• EXERCISE:
Transcribe only part of the material below: the lines from the one containing "Dále byt disponuje" through the one containing "RT @henriktveter: Flott", inclusive, exactly as written.

• PROVIDED RECORDS:

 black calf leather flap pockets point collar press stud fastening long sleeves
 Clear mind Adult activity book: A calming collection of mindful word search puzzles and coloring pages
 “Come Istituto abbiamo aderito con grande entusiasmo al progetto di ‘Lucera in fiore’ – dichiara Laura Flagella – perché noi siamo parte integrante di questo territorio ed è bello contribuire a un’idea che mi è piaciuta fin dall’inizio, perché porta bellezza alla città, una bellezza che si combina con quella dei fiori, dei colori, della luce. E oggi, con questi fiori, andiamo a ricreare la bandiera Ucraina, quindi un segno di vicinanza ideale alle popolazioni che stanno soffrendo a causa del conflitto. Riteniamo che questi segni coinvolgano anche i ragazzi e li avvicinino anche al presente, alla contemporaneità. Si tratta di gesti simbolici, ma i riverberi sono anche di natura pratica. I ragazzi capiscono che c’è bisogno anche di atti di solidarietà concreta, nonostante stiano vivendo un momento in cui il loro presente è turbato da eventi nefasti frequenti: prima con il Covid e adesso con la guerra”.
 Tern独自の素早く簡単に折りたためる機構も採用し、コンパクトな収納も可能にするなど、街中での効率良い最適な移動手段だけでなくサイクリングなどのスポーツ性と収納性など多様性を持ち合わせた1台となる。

---

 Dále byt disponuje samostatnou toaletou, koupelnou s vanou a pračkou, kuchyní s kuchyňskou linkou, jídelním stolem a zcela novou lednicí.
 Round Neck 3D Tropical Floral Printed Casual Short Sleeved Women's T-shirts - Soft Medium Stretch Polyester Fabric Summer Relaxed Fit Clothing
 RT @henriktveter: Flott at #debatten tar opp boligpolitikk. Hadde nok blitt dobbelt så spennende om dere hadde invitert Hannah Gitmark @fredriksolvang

* * *

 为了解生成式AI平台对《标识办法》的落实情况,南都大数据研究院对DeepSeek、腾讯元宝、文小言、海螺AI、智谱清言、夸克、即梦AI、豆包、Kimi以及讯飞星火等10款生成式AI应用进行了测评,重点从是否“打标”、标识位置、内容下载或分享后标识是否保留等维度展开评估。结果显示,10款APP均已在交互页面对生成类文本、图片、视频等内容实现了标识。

• TASK RESPONSE:
 Dále byt disponuje samostatnou toaletou, koupelnou s vanou a pračkou, kuchyní s kuchyňskou linkou, jídelním stolem a zcela novou lednicí.
 Round Neck 3D Tropical Floral Printed Casual Short Sleeved Women's T-shirts - Soft Medium Stretch Polyester Fabric Summer Relaxed Fit Clothing
 RT @henriktveter: Flott at #debatten tar opp boligpolitikk. Hadde nok blitt dobbelt så spennende om dere hadde invitert Hannah Gitmark @fredriksolvang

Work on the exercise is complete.